What I’ve learned this week? If you want to see what your kids have learned, you might have to make them do several projects and papers…and they might hate you.
Okay, maybe they don’t hate me, but my American Seminar kids sure didn’t like me by the end of this week.
I had them work on a project for Anne Bradstreet and her poetry. This was a fifteen point group project: talk about your given poem, read it aloud, and analyze it. Piece of cake. Nope. Wrong. They did terrible.
When students don’t put effort into what they’re doing and it’s obvious, it’s time to make them do it again. (At least that was my thinking). After pretty much failing the majority of them on the group project, (yikes…but I really did!) I made them write a single-spaced, 1-2 page paper on their given poem.

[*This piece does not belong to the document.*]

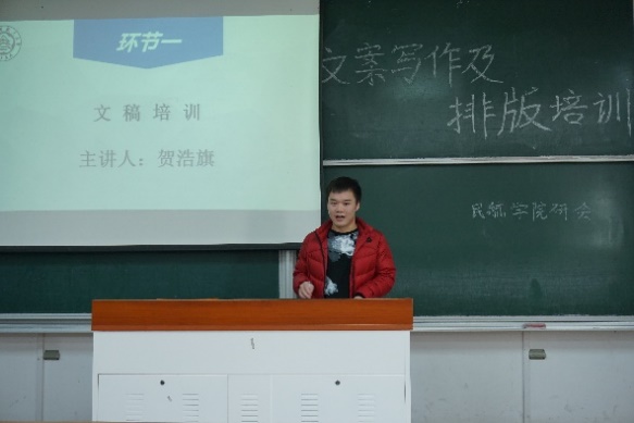 12月23日下午,三级片 研究生会于将军路校区6号楼举办了文案写作及排版培训活动。来自南京航空航天大学校研究生会的贺浩旗和龚叶妮担任本次活动的主讲嘉宾。本次培训活动主要以提高研究生的文案写作水平及排版布局审美为目标,分为文案培训、排版培训及聘书颁发三个环节来展开,吸引了三级片 30余名硕士研究生、博士研究生积极参与。

To read more about how that went, and the entire process, click here.
This was a learning experience for me. I realized that sometimes I need to be clearer with expectations. I also realized that despite how my students feel when I give them another assignment, I have to do it anyways. I’m their teacher not their friend.
Coming up with secondary assignments wasn’t too difficult, but I also realized the importance of having back-up plans for every single thing I do. After reading their papers, I realized the students now had a very clear grasp of the poems and their components. Even though this might have been a not-so-fun lesson learned, it did help the students to have an even deeper knowledge base. Hopefully they won’t hate me for too long!